The task:
Beginning at the top of the data below, restate every line word for word until the line containing "厨房的中岛台是互动的核心,多" has been included, and omit the pictures.

Data records
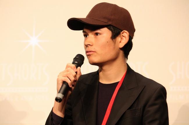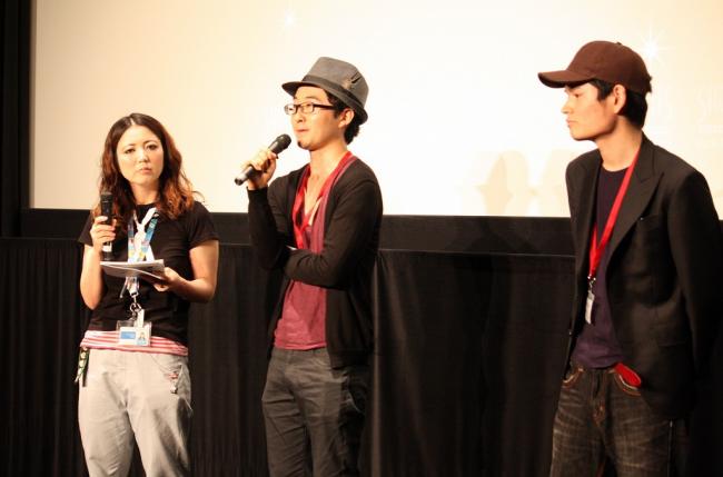 (左から)堀井威久麿監督、出演の松永拓野さん
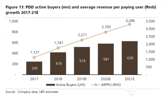 ▲瑞银预测:2021年,拼多多年活跃买家将达6.28亿,用户平均年消费达3296元。按此计算,拼多多2021年的年GMV将达2.07万亿元。
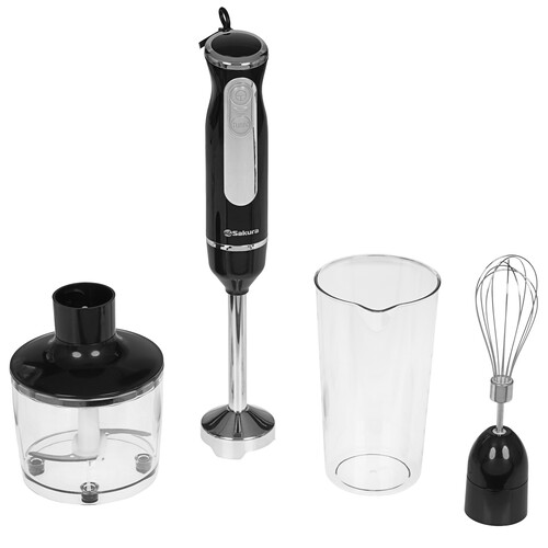 Мощный и тихий DC мотор, 2 скорости работы, острые лезвия из нержавеющей стали, 3 насадки (блендер, венчик, чоппер 0,5л), мерный стакан (0,6 л). Цвет: черный.
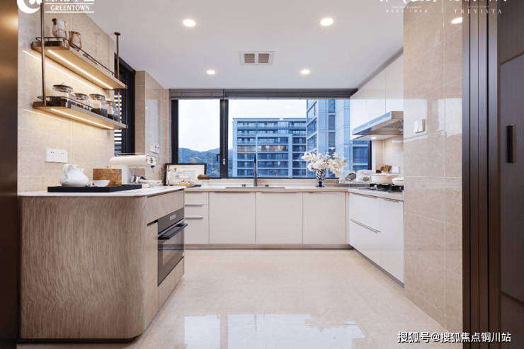 厨房的中岛台是互动的核心,多了操作空间,还预留了蒸烤箱位置,烤甜点时孩子在旁递模具,下厨也成了欢乐时光。
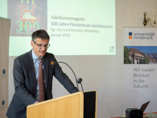 1982 schuf die liechtensteinische Regierung den „Liechtenstein-Preis“ für die wissenschaftliche Forschung an der Universität Innsbruck. Bei der diesjährigen Preisverleihung in der Innsbrucker Claudiana hielt Fabian Frommelt aus aktuellem Anlass einen Festvortrag zum Thema „300 Jahre Fürstentum Liechtenstein – Kontinuität und Wandel“.
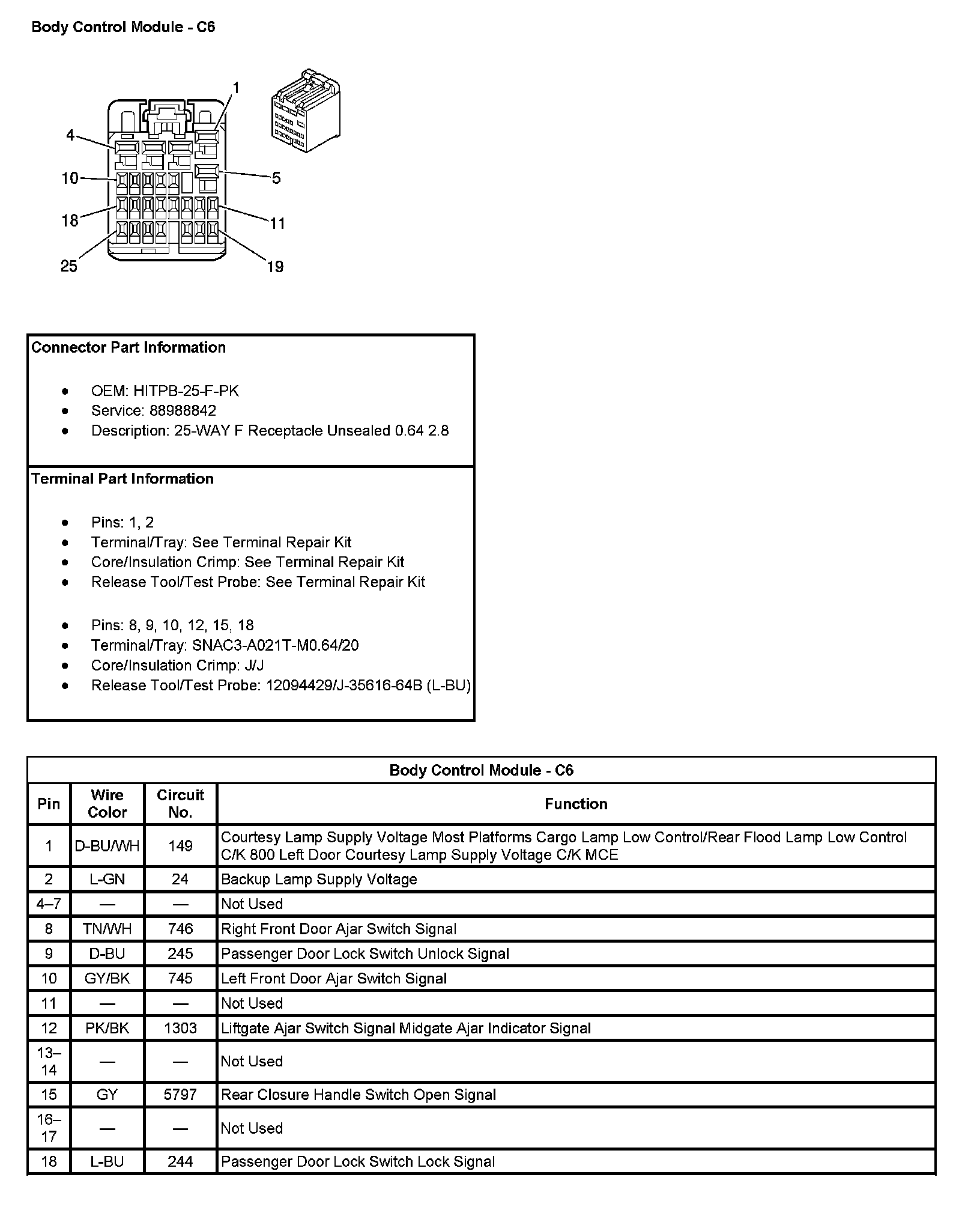 Body Control Module - C6 (Pin 19 To 25):
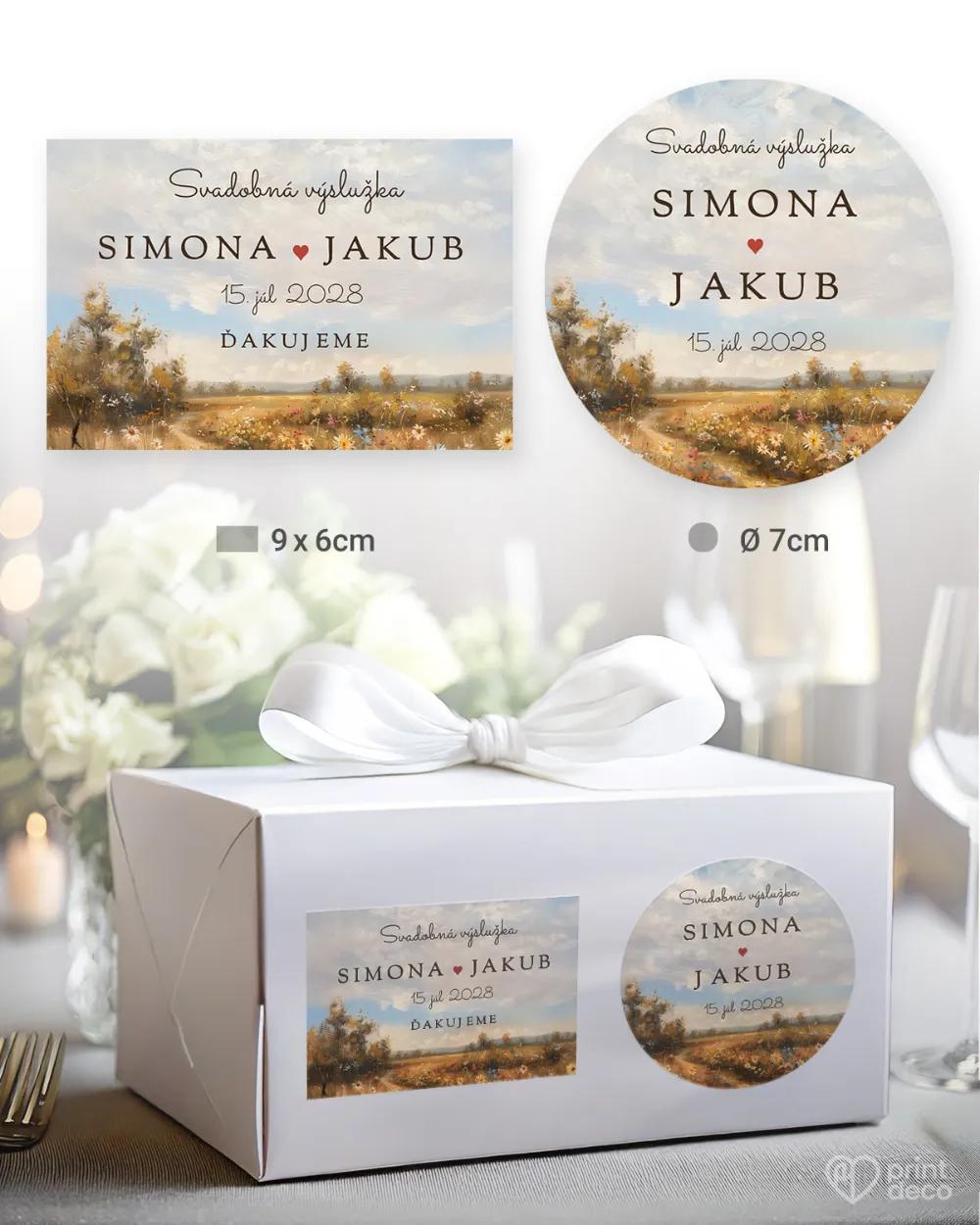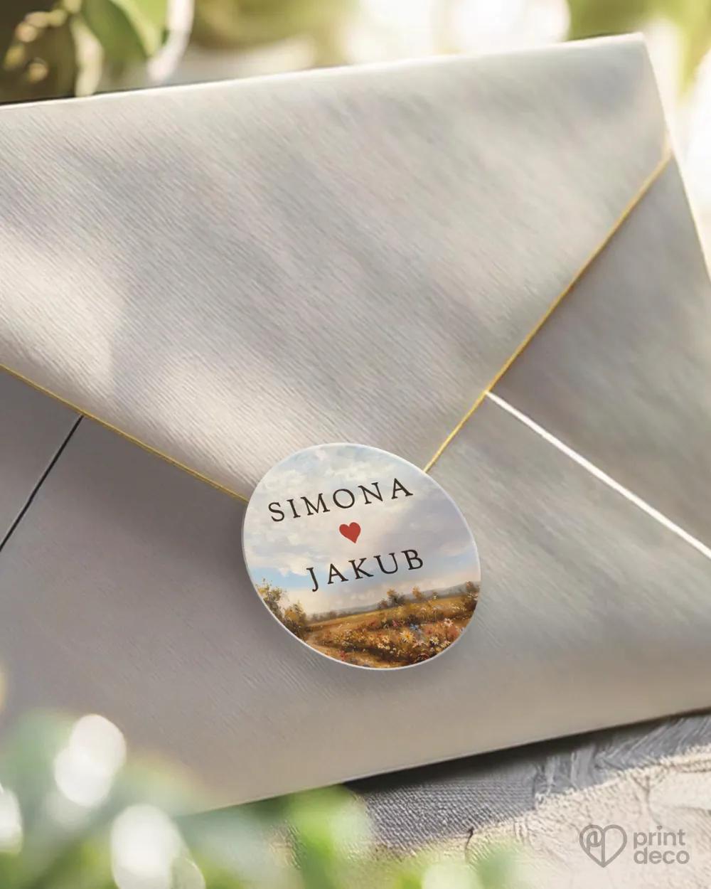 Kruhová kovová svadobná magnetka s motívom romantickej maľovanej lúky v teplých prírodných tónoch s kvetmi a oblohou očarí každého hosťa a uchová im spomienku na váš veľký deň. Personalizovaná menami snúbencov a dátumom svadby sa hodí k rustikálnym, boho aj elegantným svadbám. Jemný umelecký štýl podčiarkuje výnimočnú atmosféru a láskyplné chvíle, ktoré ste spolu prežili. Magnetka je ideálnym doplnkom výslužky alebo originálnym darčekom pre hostí, ktorý poteší a ozdobí.

Exercise solution:
 (左から)堀井威久麿監督、出演の松永拓野さん
 ▲瑞银预测:2021年,拼多多年活跃买家将达6.28亿,用户平均年消费达3296元。按此计算,拼多多2021年的年GMV将达2.07万亿元。
 Мощный и тихий DC мотор, 2 скорости работы, острые лезвия из нержавеющей стали, 3 насадки (блендер, венчик, чоппер 0,5л), мерный стакан (0,6 л). Цвет: черный.
 厨房的中岛台是互动的核心,多了操作空间,还预留了蒸烤箱位置,烤甜点时孩子在旁递模具,下厨也成了欢乐时光。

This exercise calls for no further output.